GeoJSON Sequence Streaming

High-performance, chunked binary streaming for geospatial features using the Apache Arrow-based GeoJSON Sequence Format (GSF). OGC Standard Stable

Overview

Traditional GeoJSON is human-readable but inefficient for large datasets and real-time pipelines. GeoJSON Sequence Streaming delivers features as compressed binary chunks over HTTP, reducing payload size by up to 70% while maintaining full OGC compliance.

The format leverages Apache Arrow's columnar structure to enable zero-copy deserialization, making it ideal for:

  • Real-time telemetry & IoT sensor networks
  • High-frequency financial geospatial data
  • Large-scale vector tile generation
  • Server-to-server feature sync pipelines

Specification & HTTP Headers

Streaming requires specific headers to negotiate chunked transfer and binary encoding. The server pushes Arrow batches wrapped in a GSF container.

Request Headers

HeaderDescriptionExample
AcceptRequest GSF formatapplication/x-geojson-seq
Transfer-EncodingEnable chunked deliverychunked
Accept-EncodingCompression supportgzip, br, zstd

Response Headers

HeaderDescriptionExample
Content-TypeGSF binary streamapplication/x-geojson-seq
X-GSF-Features-TotalEstimated total count124580
X-GSF-Batch-SizeFeatures per chunk1000
💡 Protocol Note

The stream follows HTTP/1.1 chunked transfer encoding. Each chunk contains a self-describing Arrow IPC message with schema metadata in the initial batch.

Implementation Examples

Use the following examples to request and consume GeoJSON Sequence streams in your application.

curl -X GET \ -H "Accept: application/x-geojson-seq" \ -H "Transfer-Encoding: chunked" \ "https://api.geoserver.com/v1/layers/realtime-sensors/features?stream=true" \ --output sensor_stream.gsf
// JavaScript: Fetch & Process Stream const response = await fetch('/v1/layers/sensors/features?stream=true', { headers: { Accept: 'application/x-geojson-seq' } }); // Read chunks using ReadableStream const reader = response.body.getReader(); while ((const { done, value } = await reader.read())) { if (done) break; const features = GSF.parseChunk(value); // Binary deserializer processBatch(features); }
# Python: Stream Processing with aiohttp & pyarrow import aiohttp import geojson_sequence as gsf async with aiohttp.ClientSession() as session: async with session.get("/features?stream=true", headers={"Accept": "application/x-geojson-seq"}) as resp: async for chunk in resp.content.iter_chunked(1024): table = gsf.decode_stream(chunk) for feature in table.to_geopandas(): analyze_feature(feature)

Performance Benchmarks

Comparative analysis across 1M point features with 12 attributes each.

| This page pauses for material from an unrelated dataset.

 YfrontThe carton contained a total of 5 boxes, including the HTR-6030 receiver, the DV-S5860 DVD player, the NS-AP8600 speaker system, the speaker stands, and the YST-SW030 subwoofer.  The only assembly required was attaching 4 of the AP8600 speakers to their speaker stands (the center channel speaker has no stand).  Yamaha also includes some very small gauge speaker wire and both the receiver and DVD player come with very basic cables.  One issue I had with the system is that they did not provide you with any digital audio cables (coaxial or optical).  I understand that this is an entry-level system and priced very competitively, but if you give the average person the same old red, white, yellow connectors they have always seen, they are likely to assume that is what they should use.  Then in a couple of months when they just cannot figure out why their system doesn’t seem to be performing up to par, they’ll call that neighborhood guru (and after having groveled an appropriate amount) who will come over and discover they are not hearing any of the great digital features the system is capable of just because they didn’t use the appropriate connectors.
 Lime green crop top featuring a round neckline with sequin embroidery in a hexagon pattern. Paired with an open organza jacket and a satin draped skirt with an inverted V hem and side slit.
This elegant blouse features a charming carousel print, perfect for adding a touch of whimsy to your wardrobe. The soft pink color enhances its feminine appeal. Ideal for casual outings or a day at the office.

Tests run on AWS r5.2xlarge instances.

MetricTraditional GeoJSONGeoJSON SequenceGeoParquet
Payload Size284 MB86 MB (↓69%)72 MB
Parse Time (CPU)1.8s0.4s (↓77%)0.6s
Memory Footprint620 MB115 MB98 MB
Streaming LatencyBlock-basedSub-10ms chunksFile-based
⚠️ Considerations

While GSF excels in streaming and incremental parsing, GeoParquet remains superior for offline analytics and columnar querying. Choose GSF for real-time pipelines and GeoParquet for batch processing.

FAQ & Troubleshooting

Q: Does GeoServer support partial stream resumption?

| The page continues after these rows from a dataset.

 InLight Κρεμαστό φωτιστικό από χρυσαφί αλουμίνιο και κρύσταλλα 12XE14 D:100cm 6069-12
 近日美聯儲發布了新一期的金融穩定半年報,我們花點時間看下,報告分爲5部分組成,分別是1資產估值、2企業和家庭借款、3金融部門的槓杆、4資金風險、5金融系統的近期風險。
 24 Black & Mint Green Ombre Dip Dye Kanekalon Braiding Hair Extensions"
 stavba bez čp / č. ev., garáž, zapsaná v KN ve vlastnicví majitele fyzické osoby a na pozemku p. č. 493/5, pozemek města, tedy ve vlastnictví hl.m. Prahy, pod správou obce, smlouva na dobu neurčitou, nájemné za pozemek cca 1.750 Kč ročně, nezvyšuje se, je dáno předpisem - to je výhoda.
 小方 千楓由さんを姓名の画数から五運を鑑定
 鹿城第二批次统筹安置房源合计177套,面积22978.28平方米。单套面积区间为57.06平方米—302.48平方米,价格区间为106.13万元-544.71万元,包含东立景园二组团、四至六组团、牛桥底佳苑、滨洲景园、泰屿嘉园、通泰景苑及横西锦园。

Yes. Use the Range: bytes=start- header alongside the GSF format. The server tracks chunk boundaries via the X-GSF-Chunk-ID trailer.

Q: How do I handle schema evolution in live streams?

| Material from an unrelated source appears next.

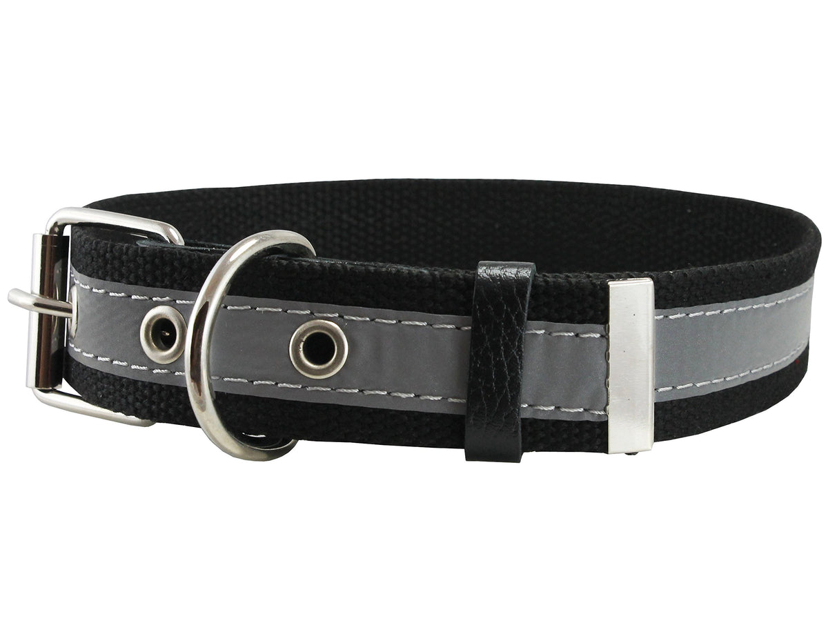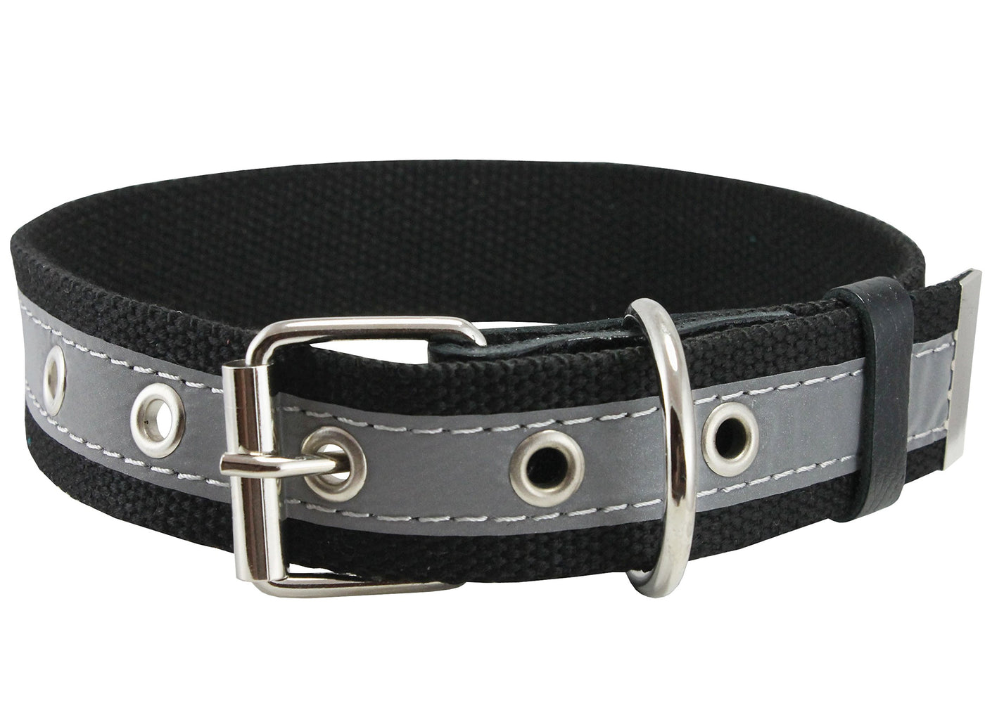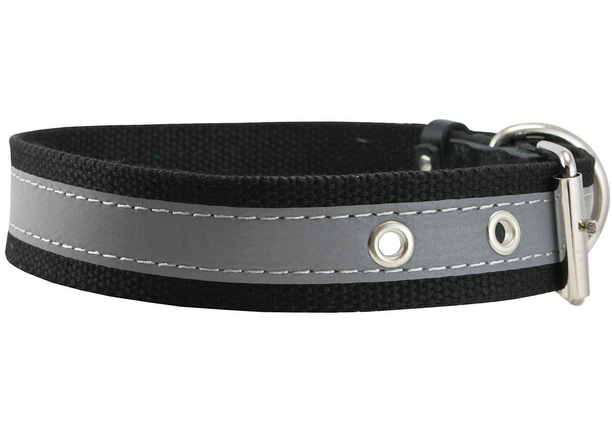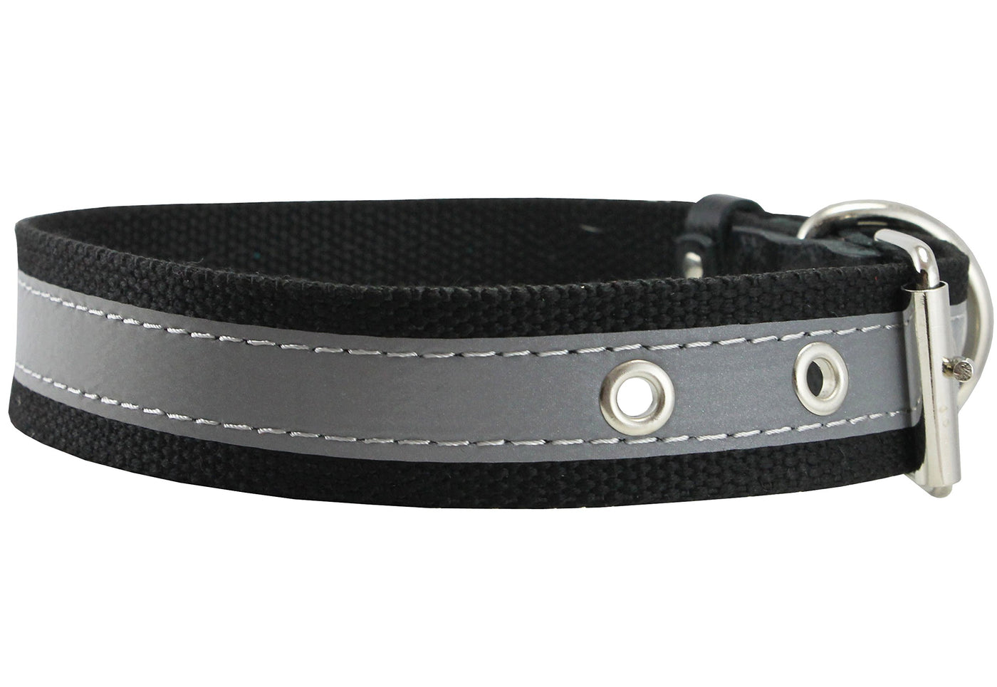 Very comfortable and pliable dog collar made of thick Cotton Web/Leather with stitched on reflective stripe - effective way to enhance visibility at night. Strong and durable, features metal enforced eyelets, nickel plated D-ring and buckle. Well made collar ideal for daily walks and training. Most suitable for medium breeds. Sized to fit 14'-18' neck, overall length is 20', 1' wide. Please measure dog's neck before you order.

GSF embeds schema metadata in every batch header. Clients should verify the schema_version field before deserializing. Breaking changes trigger a 410 Gone with migration guidance.

Q: Is compression applied automatically?

Compression is negotiated via Accept-Encoding. We recommend zstd or brotli for optimal CPU/memory tradeoffs. Uncompressed chunks are available for debugging.

Q: Can I filter features during streaming?

Server-side filtering supports OGC CQL2 expressions. Add ?filter=cql:expression to your request. Note that complex spatial predicates may increase initial chunk latency.